If the direction when coordinate (X, Y) is north, then upgrade its coordinate for (X-1, Y), new coordinate direction is west; If the direction when coordinate (X, Y) is east, then upgrade its coordinate for (X, Y+1), new coordinate direction is north; If the direction when coordinate (X, Y) is south, then upgrade its coordinate for (X+1, Y), new coordinate direction is east; If the direction when coordinate (X, Y) is west, then upgrade its coordinate for (X, Y-1), new coordinate direction is south;
Photoelectric sensor S7 starts working, light source under new coordinate is judged, if photoelectric sensor S7 captures signal and notification controller is found target, controller can allow photoelectric sensor S7 forbid work work in 2 seconds, photoelectric sensor S7 is reopened after 2 seconds, if again capture photosignal, controller can open the solenoid valve of the dry ice container that firefighting robot carries, and starts to carry out sprinkling dry ice to candle until light source disappears; If photoelectric sensor S7 does not capture the light source under new coordinate, firefighting robot will leave current room lattice, continuation be searched and upgrade its coordinate;
12) when firefighting robot searches out light source, and spray after dry ice completes fire extinguishing, firefighting robot can be parked in impact point, then controller recalls the path that firefighting robot has been searched for, and give up the target of not searching, found out the optimal path searching room by Flood Fill algorithm, then firefighting robot gets back to search starting point fast according to this path;
13) total at firefighting robot walking process, controller also detects the speed of travel of firefighting robot in real time, and can strengthen vacuum cup to the adsorptive power on ground by self-regulation motor M according to surface state system;
14) in firefighting robot room search process, FPGA can carry out on-line identification to the torque of high-speed DC brushless electric machine X, DC brushless motor Y, DC brushless motor Z, DC brushless motor R, DC brushless motor U, DC brushless motor W, direct current generator M, due to system employing is three Close loop servo control, if there is pulsation in torque, FPGA can utilize the relation of direct current generator moment and electric current to carry out linear compensation to interference, effectively reduce motor torque shake to the impact of navigating during firefighting robot rapid discovery, add its antijamming capability.

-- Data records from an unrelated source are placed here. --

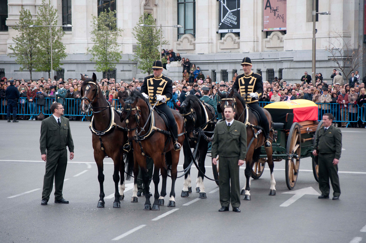 Comenzaba el proceso de cambio de vehículo, del carruaje real al coche fúnebre para su traslado a Ávila. Una representación de los tres Ejércitos y la Guardia Civil acompañan al féretro.
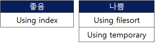 - 이미 정렬된 인덱스를 사용하면 추가적인 정렬 작업이 필요없지만 인덱스를 사용하지 못할때는 정렬을 위해 메모리 영역에 데이터를 올리게 되는데 Using fileosrt는 추가적인 정렬 작업이므로 인덱스를 활용하도록 SQL 튜닝 대상이 될 수 있음
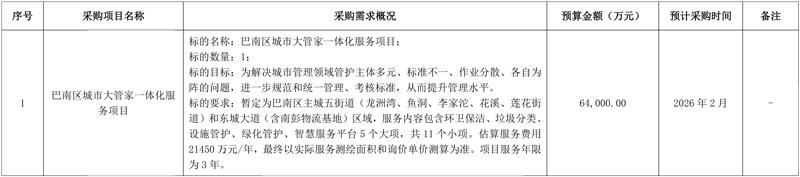 2026年1月20日,重庆市巴南区城市管理局发布巴南区城市大管家一体化服务项目采购意向。项目预算6.4亿元,预计采购时间为2月。
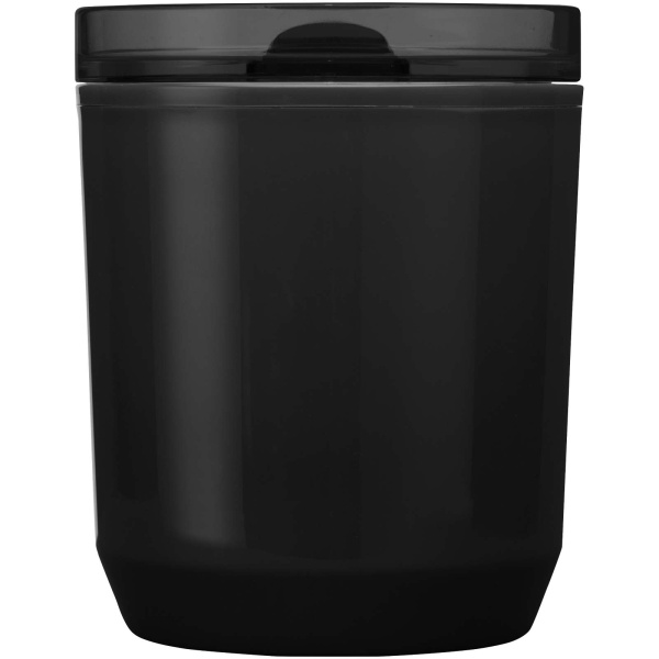 Hrnček s jednoduchým dizajnom, ktorý pasuje do väčšiny kávovarov a držiakov nápojov v aute. Má konštrukciu s dvojitou stenou s vonkajším povrchom z recyklovaného PP plastu a vnútrom z PP plastu. Posuvné viečko je vyrobené z AS a PP plastu. Objemová kapacita: 180 ml.
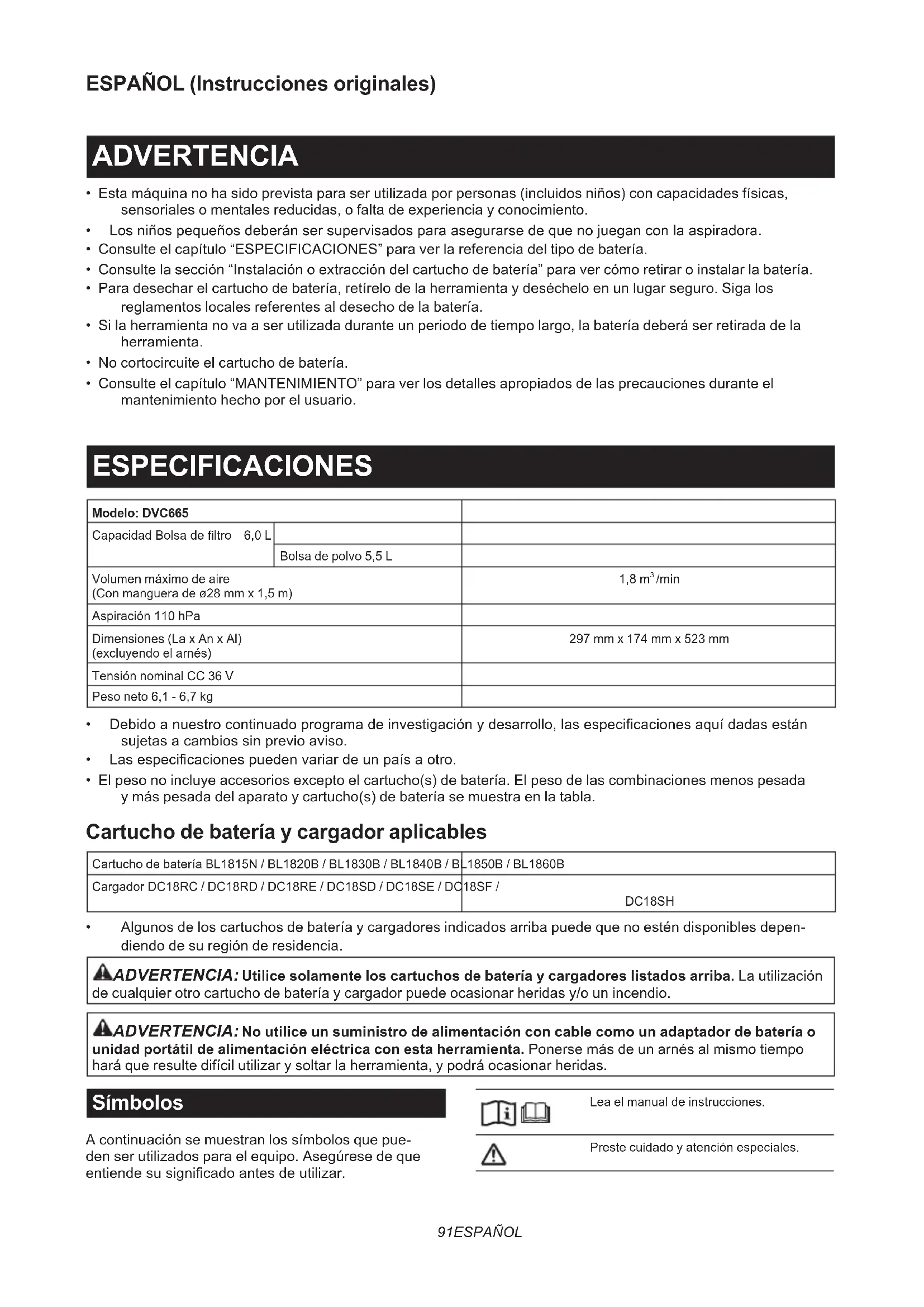 - Algunos de los cartuchos de batería y cargadores indicados arriba puede que no estén disponibles depen- diendo de su región de residencia. ADVERTENCIA: Utilice solamente los cartuchos de batería y cargadores listados arriba. La utilización de cualquier otro cartucho de batería y cargador puede ocasionar heridas y/o un incendio. ADVERTENCIA: No utilice un suministro de alimentación con cable como un adaptador de batería o unidad portátil de alimentación eléctrica con esta herramienta. Ponerse más de un arnés al mismo tiempo hará que resulte difícil utilizar y soltar la herramienta, y podrá ocasionar heridas. Símbolos A continuación se muestran los símbolos que pue- den ser utilizados para el equipo. Asegúrese de que entiendesusignicadoantesdeutilizar. Lea el manual de instrucciones. Preste cuidado y atención especiales.92 ESPAÑOL Ni-MH Li-ion Sólo para países de la Unión Europea Debido a la presencia de componentes peligrosos en el equipo, el equipo eléctrico y electrónico, los acumuladores y las baterías desechados pueden tener un impacto negativo para el medioambiente y la salud humana. ¡No tire los aparatos eléctricos y electróni- cosnilasbateríasjuntoconlosresiduos domésticos! De conformidad con las Directivas Europeas sobre residuos de aparatos eléctricos y electrónicos y sobre acumu- ladores y baterías y residuos de acumula- dores y baterías, así como la adaptación de las mismas a la ley nacional, el equipo eléctrico, las baterías y los acumuladores desechados deberán ser almacenados por separado y trasladados a un punto distinto de recogida de desechos municipales, que cumpla con los reglamentos sobre protec- ción medioambiental. Esto se indica mediante el símbolo de cubo de basura tachado colocado en el equipo. Uso previsto El aparato ha sido previsto para recoger polvo seco. El aparatoesapropiadoparausocomercial,porejemplo, en hoteles, escuelas, hospitales, fábricas, tiendas, ocinasynegociosdealquiler. Ruido El nivel de ruido A-ponderado típico determinado de acuerdo con la norma IEC60335-2-69, IEC60704-2-1: Nivel de presión sonora (L

15) starting point (0 is got back to when firefighting robot completes whole return trip, 0), control FPGA makes firefighting robot central point stop by STM32F407, and readjust FPGA drive singal, forbid front and back four road PWM wave control signal export and enable in the two-way PWM wave control signal that drives, drive singal amplifies rear drive DC brushless motor X and DC brushless motor Y through drive axle and moves with contrary direction, firefighting robot acceierometer sensor A1, under the control of gyroscope G1 and direction sensor D1, turnback is revolved in original place, the enable all PWM wave control signals of FPGA export, and make the self-locking of firefighting robot original place, wait for the order of next search burning things which may cause a fire disaster.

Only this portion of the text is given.